## Recorded information
>>>

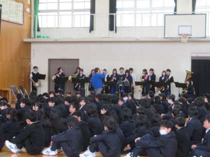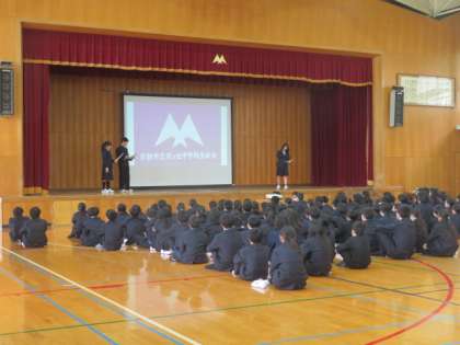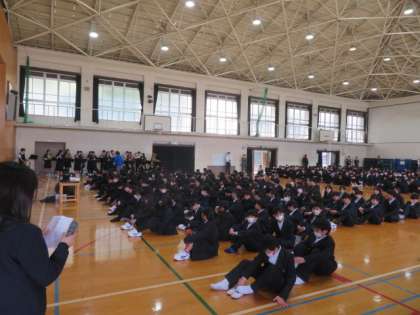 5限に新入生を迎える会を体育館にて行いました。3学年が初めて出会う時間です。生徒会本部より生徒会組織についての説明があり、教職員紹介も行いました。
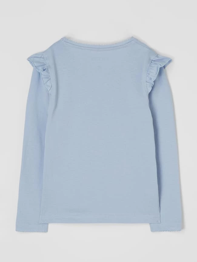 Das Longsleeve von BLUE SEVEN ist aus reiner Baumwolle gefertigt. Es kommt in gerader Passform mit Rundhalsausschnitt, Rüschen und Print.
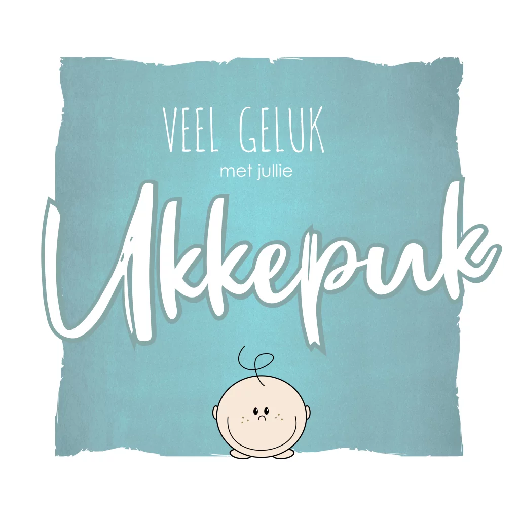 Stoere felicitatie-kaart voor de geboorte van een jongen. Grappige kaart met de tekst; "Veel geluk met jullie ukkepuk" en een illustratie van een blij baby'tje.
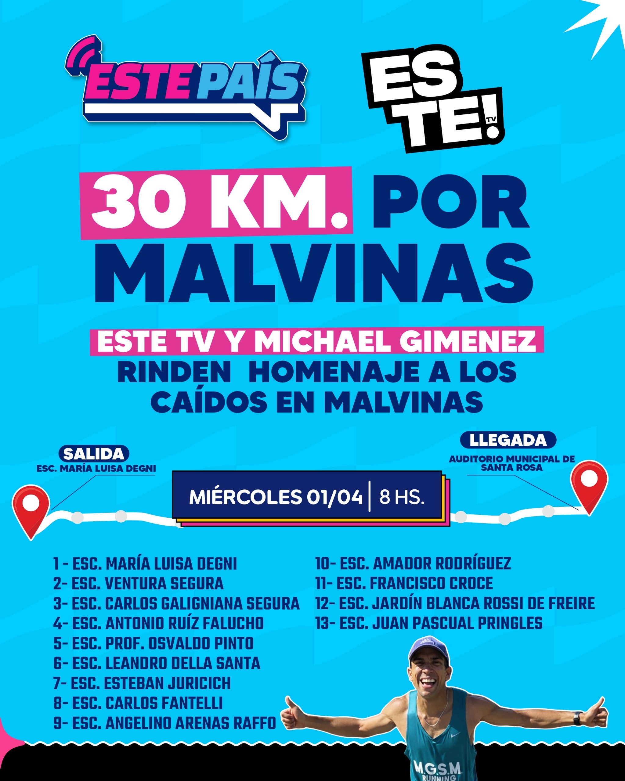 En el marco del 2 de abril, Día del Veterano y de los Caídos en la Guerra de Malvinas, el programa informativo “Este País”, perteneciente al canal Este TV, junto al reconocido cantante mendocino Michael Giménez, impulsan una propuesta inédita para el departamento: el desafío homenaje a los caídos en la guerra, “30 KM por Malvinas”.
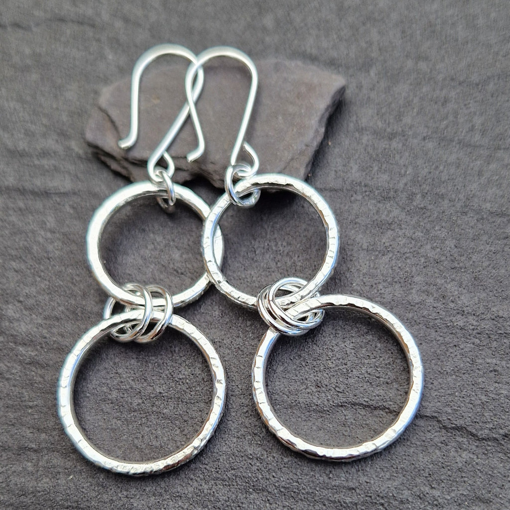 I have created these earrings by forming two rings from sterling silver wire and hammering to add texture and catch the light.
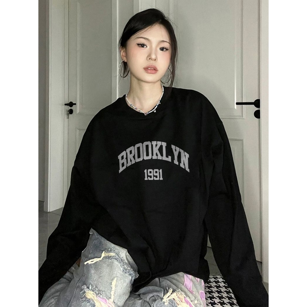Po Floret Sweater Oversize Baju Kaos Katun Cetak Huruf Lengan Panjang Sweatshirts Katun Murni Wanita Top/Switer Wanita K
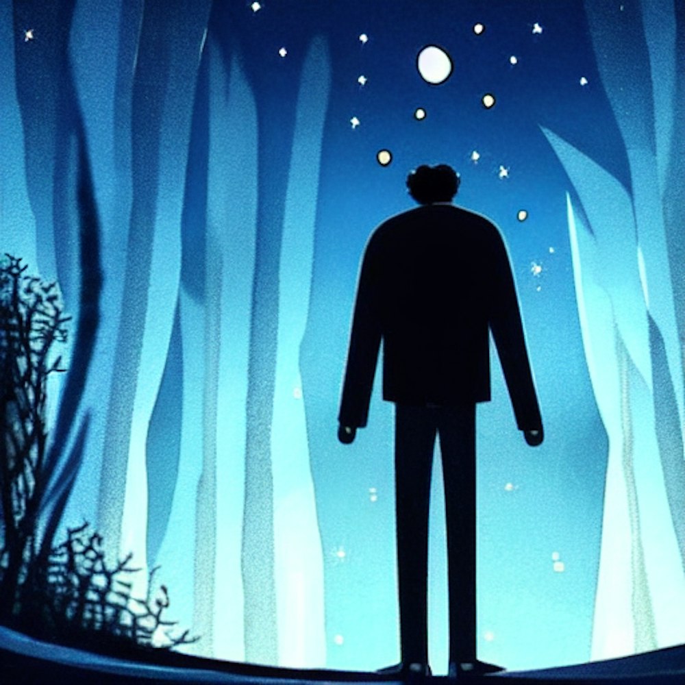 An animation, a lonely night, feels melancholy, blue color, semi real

<<<

## What you need to do
Copy out the whole listing word for word, except for any picture it includes.

## Answer box
 5限に新入生を迎える会を体育館にて行いました。3学年が初めて出会う時間です。生徒会本部より生徒会組織についての説明があり、教職員紹介も行いました。
 Das Longsleeve von BLUE SEVEN ist aus reiner Baumwolle gefertigt. Es kommt in gerader Passform mit Rundhalsausschnitt, Rüschen und Print.
 Stoere felicitatie-kaart voor de geboorte van een jongen. Grappige kaart met de tekst; "Veel geluk met jullie ukkepuk" en een illustratie van een blij baby'tje.
 En el marco del 2 de abril, Día del Veterano y de los Caídos en la Guerra de Malvinas, el programa informativo “Este País”, perteneciente al canal Este TV, junto al reconocido cantante mendocino Michael Giménez, impulsan una propuesta inédita para el departamento: el desafío homenaje a los caídos en la guerra, “30 KM por Malvinas”.
 I have created these earrings by forming two rings from sterling silver wire and hammering to add texture and catch the light.
Po Floret Sweater Oversize Baju Kaos Katun Cetak Huruf Lengan Panjang Sweatshirts Katun Murni Wanita Top/Switer Wanita K
 An animation, a lonely night, feels melancholy, blue color, semi real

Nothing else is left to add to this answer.